##### Supplied material

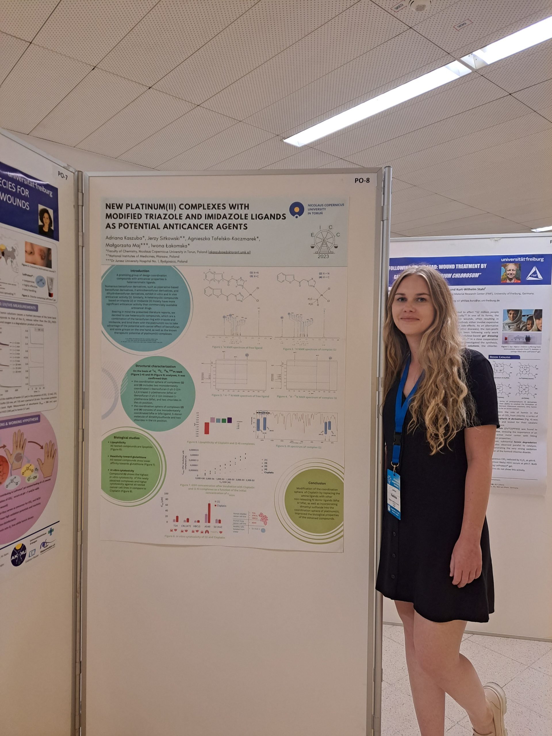 W dniach 01-04 lipca doktorantka Adriana Kaszuba uczestniczyła w międzynarodowej konferencji Chemistry towards Biology 11 (CTB11), Kraków, gdzie zaprezentowała poster z badań własnych pod tytułem „Structural characterization and assessment of anticancer properties of new piano-stool ruthenium(II) complexes with disubstituted triazolopyrimidines ligands”
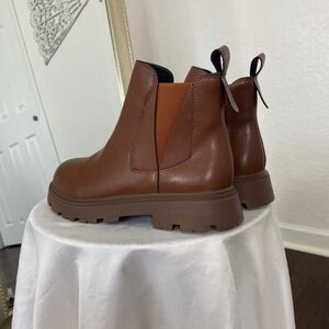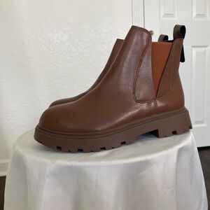 NEW Chunky Brown Lug Sole Structured Chelsea Ankle Boots EU 39 / US 8.5
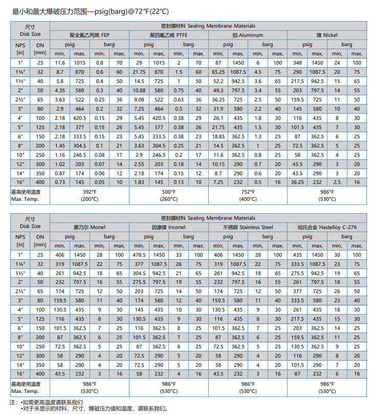 爆破片温度:小于260℃,因使用工况为腐蚀性介质,密封膜材质不适合用金属如铝膜和不锈钢膜。
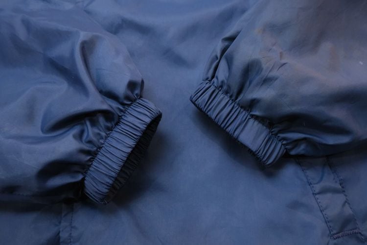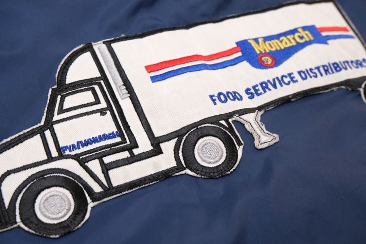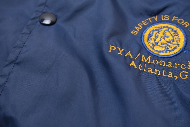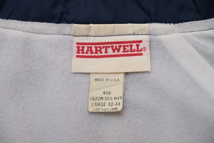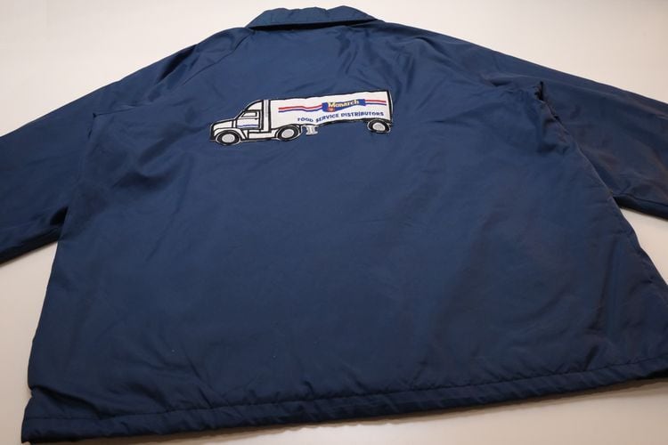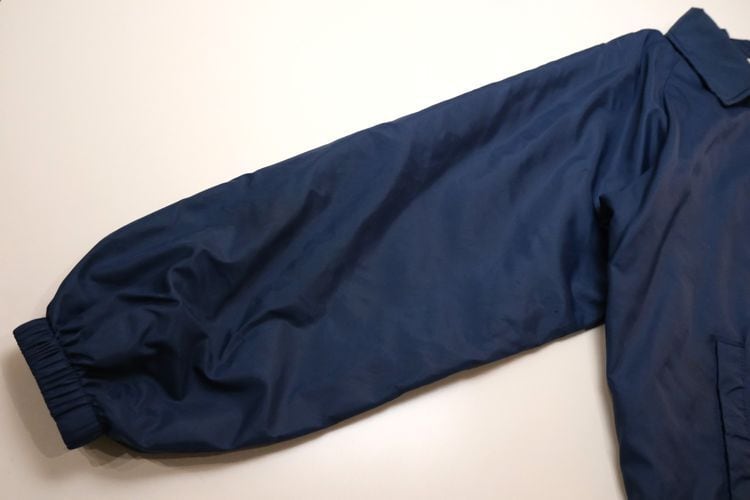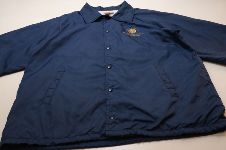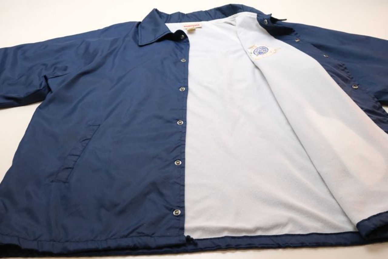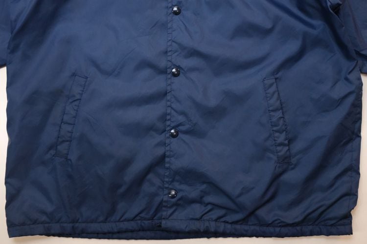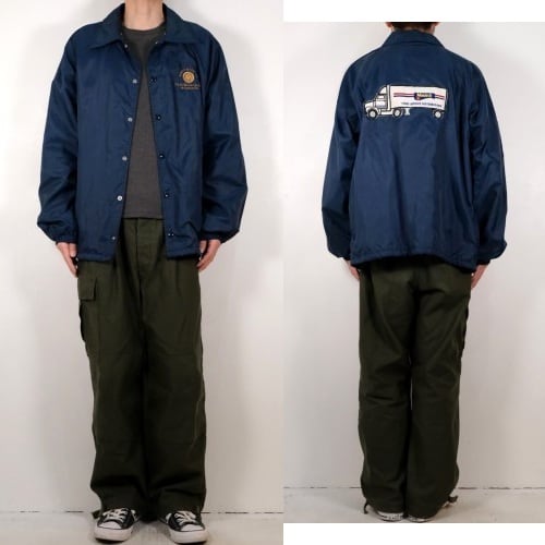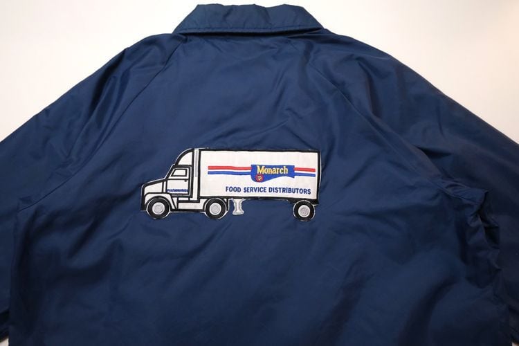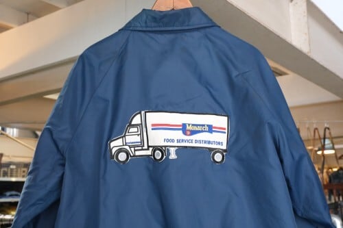 1939年にジョージア州ハートウェルで設立されたスポーツ・ウェア・ブランド"HARTWELL"から80年代頃のコーチ・ジャケット。シェルに薄手で張りのある100%ナイロンを使用し、ライニングに袖口まで薄手のポリエステルが張られたほんのりと温かな着心地のアイテムです。程よいボリュームあるシルエットにすっきりとした印象を生むラグラン・スリーブ、シンプルなボタンアップ×スラッシュポケット、左胸に刺繍で施されたアメリカの大手食品流通企業"PYA/Monarch,Inc."のロゴ、バックにカラフルなトラックの刺繍ワッペンが大胆に配置されたアイコニックなグラフィックと立体感が存在感を引き立たせています。着用の上で問題となる大きなダメージや汚れはございませんが、両袖口やポケット縁などに薄っすらとした汚れ、全体的に着用感の強いUSEDコンディションですので普段から古いものをご愛用の方におすすめ致します。幅広いトップ×ボトムスにさらっと羽織ることのできる気軽なカジュアル感が良く、深みあるネイビーのスマートな色味と企業ものらしい刺繍とパッチの組み合わせがたいへん魅力的な1本です。

##########

→ **Activity**
Leave the pictures out and output the rest of the listing exactly.

→ **The completed task**
 W dniach 01-04 lipca doktorantka Adriana Kaszuba uczestniczyła w międzynarodowej konferencji Chemistry towards Biology 11 (CTB11), Kraków, gdzie zaprezentowała poster z badań własnych pod tytułem „Structural characterization and assessment of anticancer properties of new piano-stool ruthenium(II) complexes with disubstituted triazolopyrimidines ligands”
 NEW Chunky Brown Lug Sole Structured Chelsea Ankle Boots EU 39 / US 8.5
 爆破片温度:小于260℃,因使用工况为腐蚀性介质,密封膜材质不适合用金属如铝膜和不锈钢膜。
 1939年にジョージア州ハートウェルで設立されたスポーツ・ウェア・ブランド"HARTWELL"から80年代頃のコーチ・ジャケット。シェルに薄手で張りのある100%ナイロンを使用し、ライニングに袖口まで薄手のポリエステルが張られたほんのりと温かな着心地のアイテムです。程よいボリュームあるシルエットにすっきりとした印象を生むラグラン・スリーブ、シンプルなボタンアップ×スラッシュポケット、左胸に刺繍で施されたアメリカの大手食品流通企業"PYA/Monarch,Inc."のロゴ、バックにカラフルなトラックの刺繍ワッペンが大胆に配置されたアイコニックなグラフィックと立体感が存在感を引き立たせています。着用の上で問題となる大きなダメージや汚れはございませんが、両袖口やポケット縁などに薄っすらとした汚れ、全体的に着用感の強いUSEDコンディションですので普段から古いものをご愛用の方におすすめ致します。幅広いトップ×ボトムスにさらっと羽織ることのできる気軽なカジュアル感が良く、深みあるネイビーのスマートな色味と企業ものらしい刺繍とパッチの組み合わせがたいへん魅力的な1本です。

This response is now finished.